Created on: February 11, 2010

Resuscitation of human life is an event understood by few but judged by many. Some individuals feel that allowing a loved one to sign a "Do Not Resuscitate" order, also known as a DNR, or signing one themselves, is condoning a passive suicide. To truly understand this issue, one must fully understand what resuscitation entails.

As a respiratory therapist, I have participated in a large number of these events. When a person is a "full code", or does not have a DNR order, we in the hospital setting do everything in our power as a medical team to save that person's life. When we find that a person is dying or is dangerously close, we activate a code team.  

The patient is hooked up to a monitor, which electrically checks the rhythm of the heart, as we check for breathing and a pulse. If the patient is not breathing or is having too much difficultly, a tube is placed in the patient's airway. They are then hooked up to a life support machine called a ventilator that takes over the work of breathing, or we breathe for the patient by hand using a resuscitator bag until a heartbeat is regained. 

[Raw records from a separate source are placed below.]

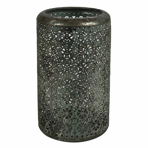 The Badu Votive will look just as captivating in the daytime as it does at night. Crafted from metal with an aged silver finish, this stunning decorative piece includes a glass container for holding a candle and boasts a delicately-cut floral design that casts patterned shadows against your walls.
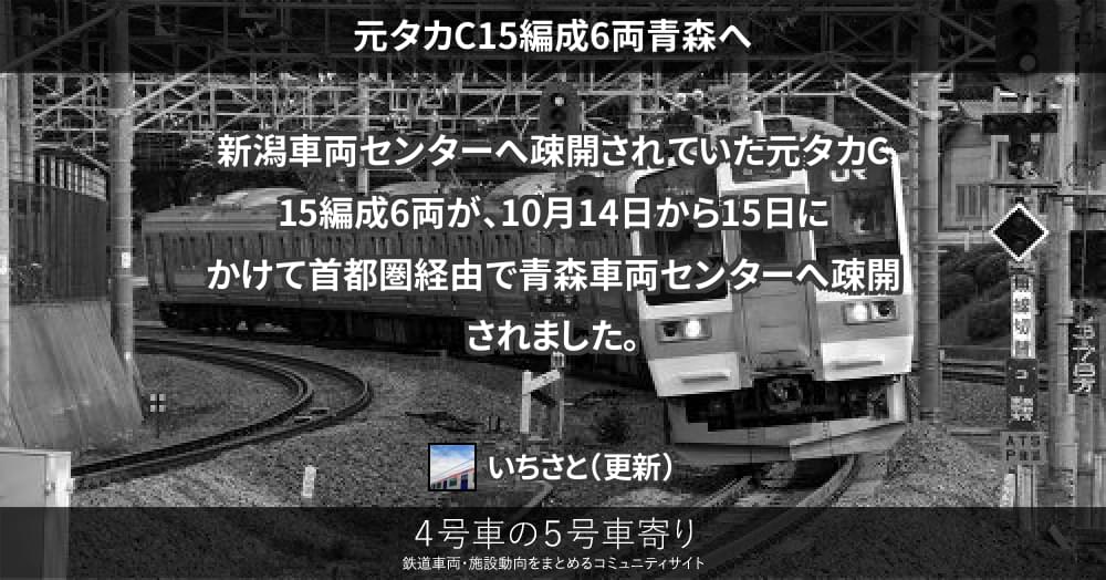 新潟車両センターへ疎開されていた元タカC15編成6両が、10月14日から15日にかけて首都圏経由で青森車両センターへ疎開されました。
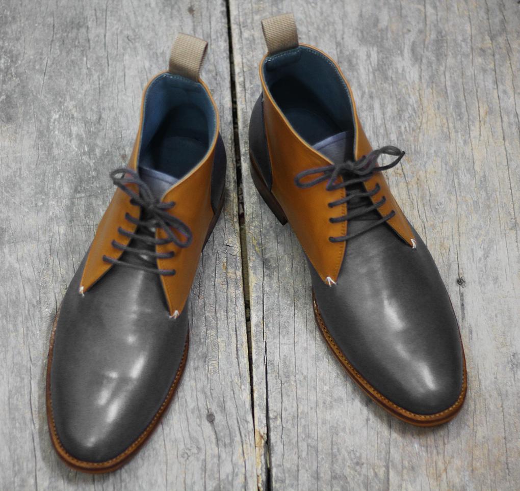 New Handmade Half Ankle Black & Tan Leather Lace Up Boots For Men's
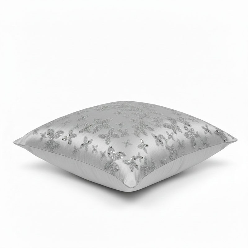 Perfect for sofas, beds, armchairs, or accent seating, this cushion cover adds texture, colour, and visual interest while effortlessly enhancing both modern and glam interiors. The intricate sequin detailing contrasts beautifully with the smooth fabric base, creating a stylish and eye-catching design that elevates your living room or bedroom décor.

If the heart is not beating, a member of code team begins chest compressions. Chest compressions are nothing like what we all watch on TV-to pump the heart inside the chest, ribs usually have to be broken, and you must compress hard and fast to circulate the blood through the body. In the meantime, drugs are being pushed through IVs (hopefully the patient has one or two IV accesses already, or this makes drug administration difficult) to speed up or slow down the heart as needed. 

If the ventricles of the heart are not pumping, but instead quivering without pumping blood (known as ventricular fibrillation), the heart is shocked with electricity to hopefully put it back into a regular rhythm.

When one chooses to become a DNR, they make the active choice to allow nature to take its course for their body in the event that they are dying or close to death. It can be rescinded at any time; a patient can choose to become a full code at any point. DNR does not equate to a death sentence or even a passive suicide. 

Regardless of one's beliefs, and regardless of all the drugs and medical technology available, our bodies will eventually stop working, or die. Until then, it is the right of the individual or designated next of kin to choose whether or not resuscitation is an appropriate measure in prolonging life.